In the 1970s, a Roman Catholic sociologist, Ivan Illich, published Medical Nemesis (variously titled Limits to Medicine) and argued that beyond a certain threshold, demand for medical care itself becomes iatrogenic to the social and cultural milieu. Clinical forms of iatrogenesis constitute an important and recognizable consequence of medical interventions, and Illich includes these in his critique, situating them within the complex nodes of professional allegiances and the public authorities that sustain them. His fundamental concerns, however, are social and cultural iatrogenesis, which he defines, respectively, as “impairments to health…due to those socio-economic transformations which have been made attractive, possible, or necessary by the institutional shape health care has taken,” and, even more provocatively, that which “sets in when the medical enterprise saps the will of people to suffer their reality” (Illich, Limits to Medicine (1976), 40, 127). 

Illich’s thesis was quite radical at its publication, but our society is arguably far more medicalized today than it was in the 1970s. According to Illich, demand for medical care becomes iatrogenic to the social milieu when individuals begin to doubt that they are capable of doing for themselves that which was formerly mastered, or at least coped with at home or within their communities. Today, problems such as the use of Emergency Departments for non-emergent conditions speak both to socioeconomic inequalities and lack of access to more appropriate channels of health care but also to crises in perception, judgment, and self-efficacy. Many in our society do not have the personal resources to cope with the common cold or with strains and sprains within their own families and communities. We are now generally unskilled and helpless in the face of suffering and death without the comprehensive ministrations of hospice and palliative care. Healthcare, Illich argued, has degraded our health, “the degree of lived freedom” that individuals exercise, a word used to designate “the intensity with which individuals cope with their internal states and their environmental conditions” (242). 

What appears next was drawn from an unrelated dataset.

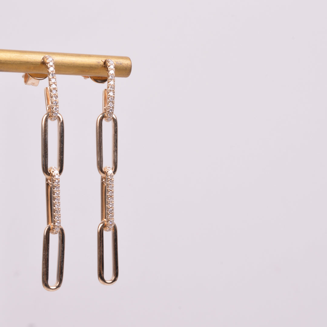 Estos aretes en oro amarillo 14KT están engastados con 52 diamantes redondos naturales (0.14 ct total) que recorren cada eslabón con un brillo delicado pero impactante. Con un peso de 3.31 g, son un statement sutil y elegante que transforma cualquier look, del día a la noche.

Religious communities have historically been repositories of practical wisdom about health and healing—communities that can sustain shared meanings about the significance of illness and death, institutions capable of mobilizing care for fellow members (and even outsiders) over the long haul. The remarkable rise of the “nones” (the religiously unaffiliated) would seem to bode ill for prospects of countering medical nemesis on any wide scale. This paper will argue for the ongoing relevance of Illich’s thesis, and then turn to engage the work of select Christian theologians, including Don S. Browning and Stanley Hauerwas, to illustrate how contemporary Christian responses to social and cultural iatrogenesis may increase the “lived freedom” of their parishioners. The author hopes to spur a robust conversation about setting limits to medicine and identifying religious resources for catalyzing the capacities of individuals within their religious communities so that they engage health care resources in such a way as to maximize their ability to cope with the human condition and to care for one other.